Michael Sargen, Assistant Clinical Investigator

Michael Sargen

In February 2024, a collaborative project between the Center for Cancer Research (CCR) and DCEG titled, “Improving Pediatric Melanoma Outcomes in a Longitudinally Evaluated (P-MOLE) Cohort,” received the 2024 CCR-DCEG FLEX award. This award was established in 2015 to fund projects that capitalize on the complementary research approaches of CCR and DCEG. 

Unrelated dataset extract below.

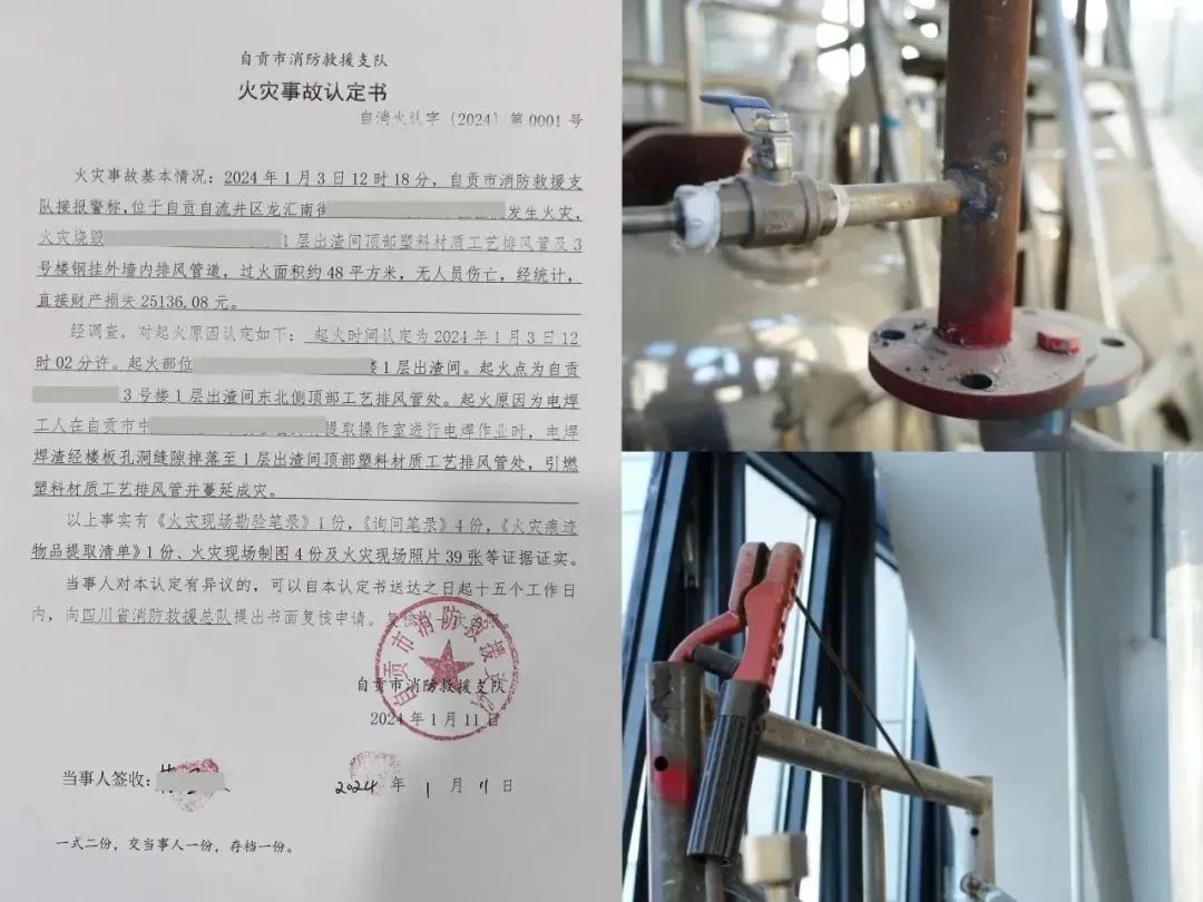 1月3日,自貢市某設(shè)備安裝施工現(xiàn)場發(fā)生火災(zāi),自貢市消防救援支隊依法開展火災(zāi)調(diào)查。經(jīng)調(diào)查,此次火災(zāi)的直接原因為電焊工人蔣某施工前未按照規(guī)定辦理動火審批手續(xù),在電焊作業(yè)過程中未采取安全防范措施,電焊完成后未及時清理現(xiàn)場,致使電焊產(chǎn)生的高溫焊渣透過樓板孔洞掉落至下一層房間頂部塑料材質(zhì)工藝排風(fēng)管,從而引發(fā)火災(zāi)。

Michael R. Sargen, M.D., assistant clinical investigator in the Clinical Genetics Branch (CGB), and Dr. Marielle Yohe, Lasker clinical research scholar in CCR’s Laboratory of Cell and Developmental Signaling co-lead the project. The team includes colleagues from CGB and the Biostatistics Branch in DCEG and different laboratories in CCR. The researchers aim to establish the largest prospective study of pediatric melanoma in the U.S., the P-MOLE cohort. This cohort will bring together patients from the Atypical Spitzoid Tumor Study and clinical studies in CCR and other institutions. “By establishing the P-MOLE cohort, we hope to better understand the causes of melanoma in children and identify treatment strategies for this pediatric cancer,” said Dr. Sargen. Specifically, the researchers hope to characterize hereditary and other factors contributing to pediatric melanoma by determining germline variants contributing to the disease, conducting genomic analyses of pediatric melanomas, and developing a pediatric melanoma mouse model.  

“This work combines the epidemiologic and genomics expertise of DCEG investigators and the laboratory science and translational expertise of CCR to accomplish this goal,” said Dr. Sargen.